Fleeing for dear life, humans and animals run helter-skelter.
 
Unable to endure the sun’s excruciating heat, 
Men and women prepare to move with the Earth forever—
Moving with the planet they love more than any other,  
They will seek sanctuary in some distant young galaxy,
Just as bewildered people, uprooted by some raging riot somewhere,
Flee far away to some distant land, lives in their hands,
Forsaking their country, destined to be refugees forever. 
 
One morning, at sunrise,
Planets, satellites and asteroids will stare in astonishment.

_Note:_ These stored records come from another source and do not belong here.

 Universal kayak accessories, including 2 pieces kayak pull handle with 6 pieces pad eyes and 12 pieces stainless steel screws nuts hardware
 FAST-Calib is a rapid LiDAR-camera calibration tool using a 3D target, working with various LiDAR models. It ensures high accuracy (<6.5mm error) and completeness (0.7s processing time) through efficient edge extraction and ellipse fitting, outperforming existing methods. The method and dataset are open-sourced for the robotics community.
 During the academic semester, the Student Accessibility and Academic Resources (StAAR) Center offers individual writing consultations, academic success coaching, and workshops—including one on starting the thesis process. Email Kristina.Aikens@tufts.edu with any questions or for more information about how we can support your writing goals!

At a nine-planet orbital village, a stellar union council of nine wards, 
Looking immense, elliptical, though everything else will be the same! 
Other planets will be in their orbits as always!

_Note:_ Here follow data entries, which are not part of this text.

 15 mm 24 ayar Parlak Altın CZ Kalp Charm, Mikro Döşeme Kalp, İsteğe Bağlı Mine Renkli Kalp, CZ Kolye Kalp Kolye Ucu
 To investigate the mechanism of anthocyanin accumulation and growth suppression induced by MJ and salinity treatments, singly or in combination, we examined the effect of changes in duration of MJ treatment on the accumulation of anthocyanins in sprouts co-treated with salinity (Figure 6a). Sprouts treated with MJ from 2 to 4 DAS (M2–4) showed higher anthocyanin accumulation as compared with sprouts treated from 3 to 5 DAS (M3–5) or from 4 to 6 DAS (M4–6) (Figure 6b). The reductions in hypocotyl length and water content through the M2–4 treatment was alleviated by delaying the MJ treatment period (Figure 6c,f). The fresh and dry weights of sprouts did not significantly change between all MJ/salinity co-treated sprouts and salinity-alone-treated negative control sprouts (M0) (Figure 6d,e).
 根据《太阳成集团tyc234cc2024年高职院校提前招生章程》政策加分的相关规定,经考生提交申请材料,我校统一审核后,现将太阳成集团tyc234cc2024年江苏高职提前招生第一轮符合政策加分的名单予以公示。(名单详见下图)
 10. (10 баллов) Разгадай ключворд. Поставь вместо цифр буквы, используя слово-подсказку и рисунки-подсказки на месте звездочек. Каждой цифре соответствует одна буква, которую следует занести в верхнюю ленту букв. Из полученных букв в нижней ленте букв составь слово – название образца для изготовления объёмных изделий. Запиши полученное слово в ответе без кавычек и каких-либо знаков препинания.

Only cunning, conniving and naughty earth will elude their gaze!
 
The Sun, that incarnate ball of fire, will be so fiery and indignant then 
That it will dart out its mile-after-mile long murky tongue
Spewing furious fumes of loud hitherto unheard curses, 
Gurgling lava spilling out from some swollen uvula forever...
It will pursue Earth as long as it can, chastising it all the time
It will flicker its fiery, thundering, curses-spewing tongue incessantly! 
 
As it flees, casting furtive backward glances, 
Will Earth ponder for even a moment and exclaim:
“Alas, what’s going to happen to those ill-fated planets—
To Mercury, Venus and Mars?”   

Masud Khan (b. 1959) is a Bengali poet and writer. He has, authored nine volumes of poetry and three volumes of prose and fiction. His poems and fictions (in translation) have appeared in journals including Asiatic, Contemporary Literary Horizon, Six Seasons Review, Kaurab, 3c World Fiction, Ragazine.cc, Nebo: A literary Journal, Last Bench, Urhalpul, Tower Journal, Muse Poetry, Word Machine, and anthologies including Language for a New Century: Contemporary Poetry from the Middle East, Asia, and Beyond (W.W. Norton & Co., NY/London); Contemporary Literary Horizon Anthology,Bucharest; Intercontinental Anthology of Poetry on Universal Peace (Global Fraternity of Poets); and Padma Meghna Jamuna: Modern Poetry from Bangladesh (Foundation of SAARC Writers and Literature, New Delhi). Two volumes of his poems have been published as translations, Poems of Masud Khan(English), Antivirus Publications, UK, and Carnival Time and Other Poems (English and Spanish), Bibliotheca Universalis, Romania.  Born and brought up in Bangladesh, Masud Khan lives in Canada and teaches at a college in Toronto.

Fakrul Alam is an academic, translator and writer from Bangladesh. He has translated works of Jibonananda Das and Rabindranath Tagore into English and is the recipient of Bangla Academy Literary Award (2012) for translation and SAARC Literary Award (2012).